Fortunately for India, Rao is different—gentle, scholarly, fluent in nine languages, seemingly possessed of many of the virtues and few of the vices of his generation and class. Boldness, however, is not in his character. As we rumbled along, I asked what he had in mind for India, should he come to power in the weeks ahead. The government was nearly bankrupt, in danger of defaulting on more than $70 billion in foreign debt—a figure that the World Bank later estimated would rise to $93 billion by the mid-1990S, requiring India to come up with $10 billion annually to pay interest and principal and to finance export imbalances. The previous administration, a brief farce led by the sweet-tempered socialist Chandra Shekhar, had been forced to pawn off confiscated gold to make its loan payments. In reply, Rao talked of change as if it were something a minister had ordered and which he, the senior civil servant, was now about to implement.
“Rajiv had set up a cell to deal with this, the economy,” he said. “Their papers are there. The cell is there. There has been interaction. He [Rajiv] has [sic] been talking to vast numbers of economists in the last six months. He has given the lead.” Rao conceded that he had long believed in Nehruvian socialism, but “we have been compelled to revise and at least rethink our own beliefs.”
If this was not the talk of a capitalist revolutionary, perhaps it was because that afternoon Rao had other things on his mind. The leaderless Congress Party lay in fragments. The Hindu revivalists were clamoring for power. Staring out the train window at the blistering summer heat that shimmered in waves across the parched brown countryside, Rao spoke mainly about Nehru’s political inheritance, which he felt had to be somehow stitched back together if India was to have the opportunity to change. He said with conviction that the party would not split, but at the same time preventing catastrophe would be no small matter. “Right now, we feel it as the greatest challenge,” he said. “To lose a leader in the middle of an election, that has never happened before.” Still, the adhesive of the Nehruvian state arose from one fact, he continued: “This party is where power is available.
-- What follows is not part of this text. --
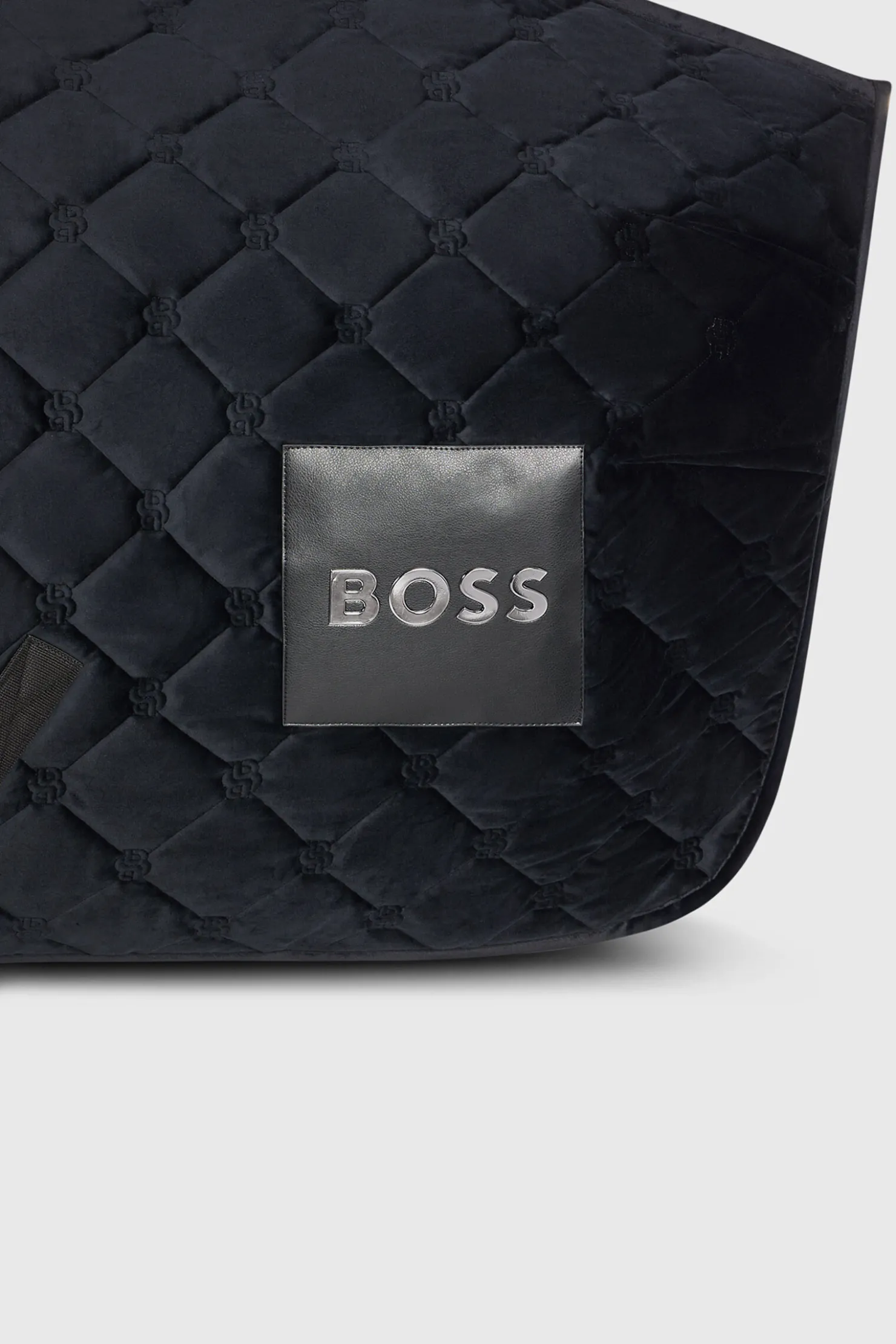 BOSS stevnedekken er anatomisk formet og har en perfekt passform. Den kunstige sauepelsen i nakke-, manke- og brystområdet sikrer en behagelig passform. Den ekstremt myke fløyelsyttersiden med BOSS-logoquilt over hele ser veldig luksuriøs ut. High-tech fiberet på innsiden forhindrer gnag og skaper små luftbobler som fanger og holder på kroppsvarmen. I tillegg får hestens pels glans ved kontakt med dette myke innermaterialet. Forholdet mellom varme og vekt maksimerer komforten for både rytter og hest. Det trelags diamantquiltet gjør stevnedekkenet svært slitesterkt og forhindrer at flis setter seg fast i stoffet. Den doble frontlukningen, magestroppen og halesnoren fullfører sikkerheten til stevnedekkenet.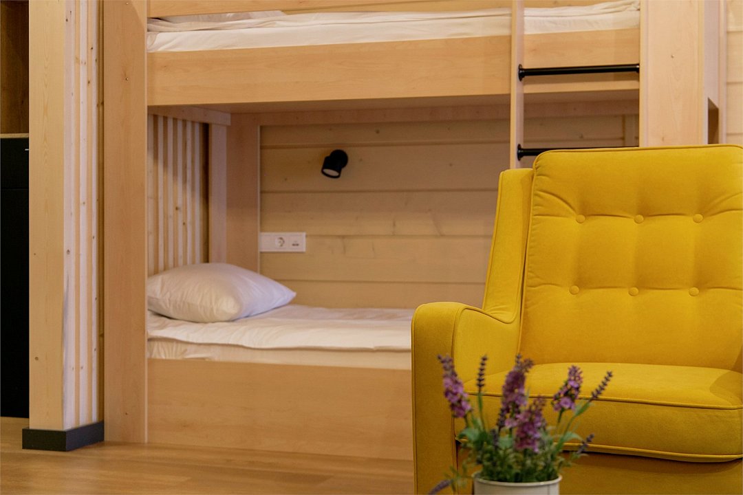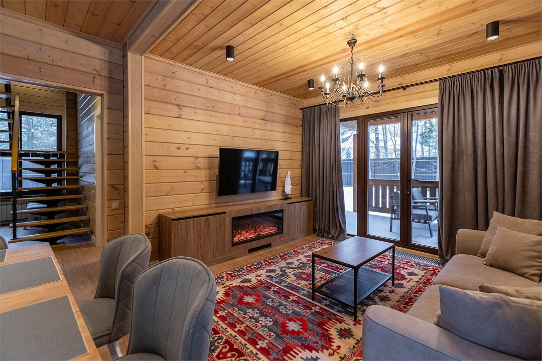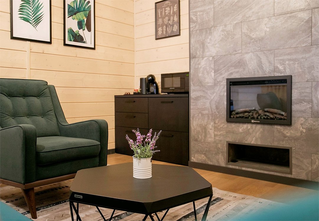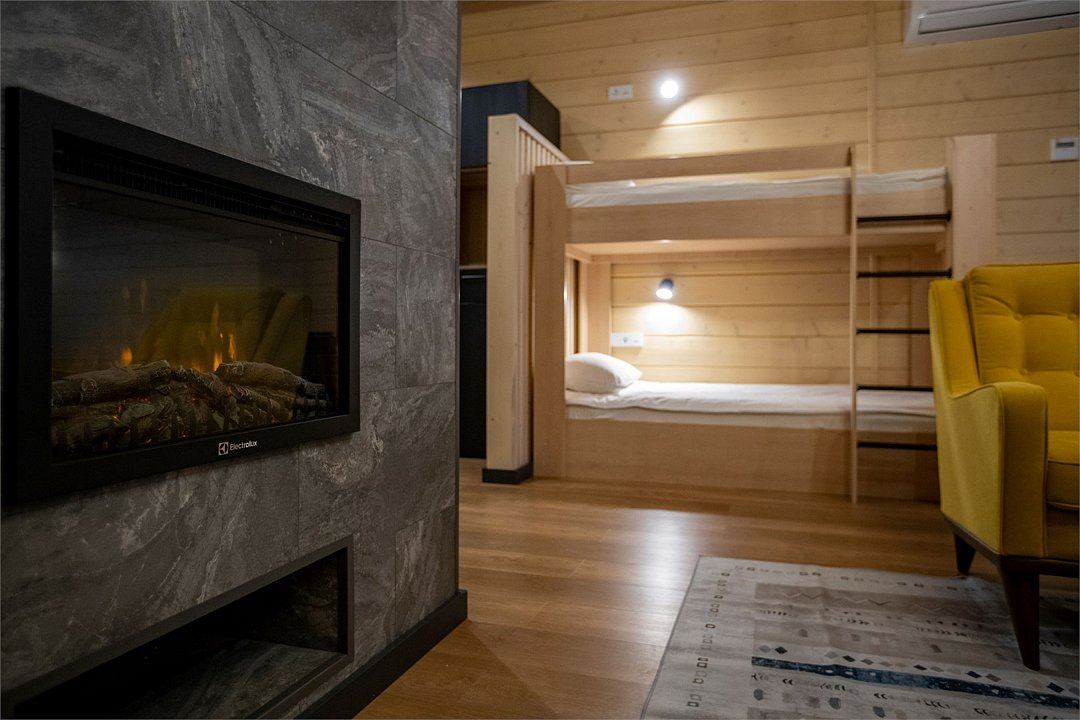 Barnhouse - это формат «ничего лишнего, только уют». Небольшой тёплый - номер, в который хочется возвращаться после долгих прогулок и активного дня. Пространство одноэтажное и очень гармоничное: спальная зона аккуратно отделена от гостиной, где расположен камин. Вечером здесь собираются все - кто-то устраивается с книгой, кто-то включает фильм, а кто-то просто наслаждается живым теплом и спокойной атмосферой. Размещение продумано для семьи или компании до шести человек: двуспальная кровать, двухъярусная кровать и раскладывающийся диван позволяют комфортно разместиться каждому. В доме есть компактная, но уютная кухонная зона. Утренний кофе, лёгкий завтрак или простой домашний ужин готовятся легко и без суеты. Именно тот формат кухни, который дополняет отдых, а не отвлекает от него. Санузел с душевой кабиной и тёплым полом добавляет приятного комфорта в любое время года. Терраса и лоджия открывают вид на природу и реку. Площадь Barnhouse - 50 м². Вместимость - до 6 человекУслуги и удобства

This is the source of political power in India. There will be claimants and claims, people who get it and don’t. Rivalry will remain but the party will not break. We know when to stop the fight.” He rhapsodized about the Nehruvian elite, its long struggle for independence and nation-building. “This is a one-hundred-six-year-old party, four or five generations. We have lots of families in India where the head of the family is not the most brilliant or able but still the family continues because of the loyalty. The party has always thrown up leadership that is good enough to keep the party together. I stand for what they stood for. All the ideas are there. The whole case is there but we have to marshal it.” And then, referring to the impending vote, he added, “We have three days.”